海鮮丼のエントロピーを許すな
海鮮丼を語るにあたって、まずエントロピーの説明から入ろうと思う。
エントロピーは「乱雑さ」とか「無秩序度」を表す概念だ。掃除直後の部屋のエントロピーは小さく、年末の電柱のふもとでは大きい。
宇宙規模で見るとこれはひたすら増えているよ、というのが「エントロピー増大の法則」である。
言い換えるとこれは「宇宙は均一になりたがる」という性質を示す。均一とはつまりグチャグチャで、ムラがないということだ。
プラスとマイナスの電気は引きつけあって±0をつくる。不均一なのは嫌だから。
コーヒーにミルクを入れると混ざる。これも均一になるため。
高温と低温が触れたときもそうだ。
低温側に熱が移動し、温度は均一になる。
つまり何が言いたいか?
ぬるい刺身を許すな!!!!!!!!!!!!!!!!!!!!!!!!!!!!!!!!!!!
(忙しい方へ:もうここで読むのやめて大丈夫です)
刺身は冷蔵庫で冷やされている。米はせいぜい人肌だ。海鮮丼が宇宙の一部である以上、熱が移動するのは避けられない。
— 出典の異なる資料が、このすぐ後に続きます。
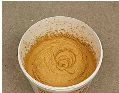
Nach 30 Minuten kräftig durcharbeiten, das Bild zeigt die verarbeitungsfertige Konsistenz
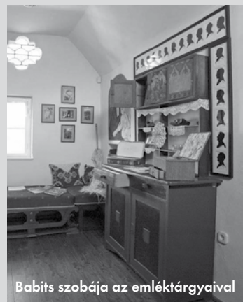
Babits szobája az emléktárgyaival
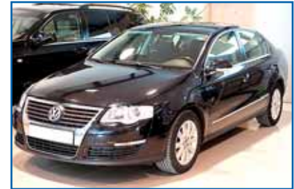
VOLSKWAGEN PASSAT 2.0 TDI 140 cv. Año 2006. CC. DA. EE. ABS. AIRB. Clima. Ll. Control veloc. 6 veloc.
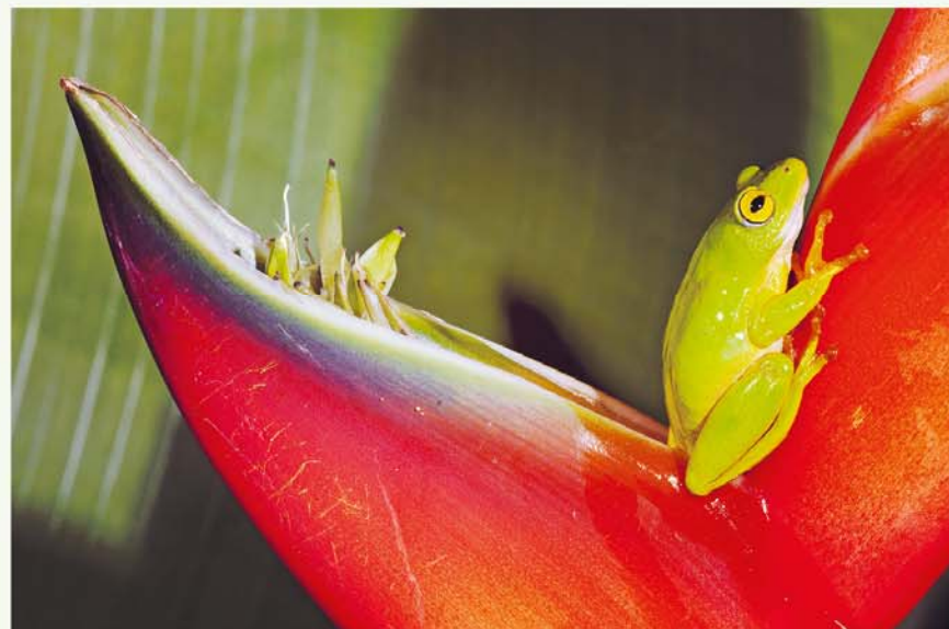
In het iSimangaliso Wetland Park

Goed om te weten: in Durban is de kans om overvallen te worden, vooral na het invallen van de duisternis, groot. Ga 's avonds nooit en overdag alleen in drukke buurten lopend op pad. Langs de zeepromenade houden geüniformeerde bewakers meestal een oogje in het zeil. Toegang: hoewel er al jaren plannen zijn voor een snelweg langs de kust leiden tot nu toe alleen enkele doodlopende wegen vanaf de N 2 naar de mooie stranden van de Wild Coast. Tip: een wandeling over de Wild Coast Hiking Trail.
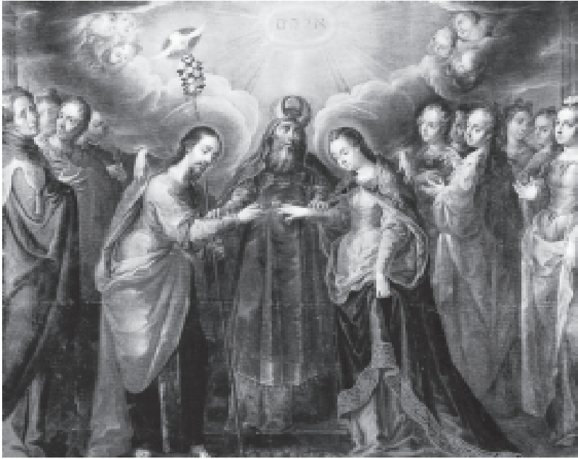
Los Desposorios de la Virgen. Cristóbal de Villalpando. Catedral. Jaén
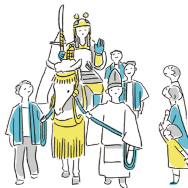
ふるさとの歴史にふれる暮らし

とはいえ許せますか!??!!ぬるい刺身が!!!!?たるんで赤い汁が出たマグロが!!?!!!?
(ヒント:許せない)
海鮮丼の話はひとまず放置して、次は宇宙の終わりについて語ろう。
先ほどエントロピーは増大し続けると書いたが、じゃあ増大しきった宇宙はどうなるのか?
それがつまり宇宙の終わりだ。
かっこいい用語で「熱的終焉」という。(かっこいいね)
まず宇宙にはエネルギーがある。
速く動くもの、高いところにあるものはそれだけでエネルギーを持つ。
熱、光、質量だってエネルギーだ。
これらのエントロピーが極限まで増大すると、すべてが熱に変わり、宇宙全体に広がる。
とはいえ宇宙は果てしなく広く、全エネルギーを熱に変換しても大して暖まらない。
具体的に言うとほぼ絶対零度。2〜3Kらしい。
よって宇宙からは何もなくなる。
基準が無いから上も下もない。
北極星は既に熱になった。
なんて退屈な!と叫ぼうにも身体がない。
これがきわめて現実的な「宇宙の終わり」である。
宇宙と海鮮丼がエントロピーによって結ばれていることがよくわかったと思う。
せっかくだし2つを融合させよう。
海鮮丼に熱的終焉を迎えさせる。
宇宙の一部である海鮮丼を切り取って、単体で完結する宇宙を考える。
われわれが住む通常宇宙と海鮮丼宇宙の最大の違いは、その大きさだ。
全エネルギー使っても寒かった通常宇宙に比べ、海鮮丼は非常に狭い。
ある程度は暖まるだろうし、初期の宇宙のように質量が再び発生する可能性もある。
海鮮丼宇宙の大半は水とデンプンが埋め尽くしているので、発生する物体もそれに準じる。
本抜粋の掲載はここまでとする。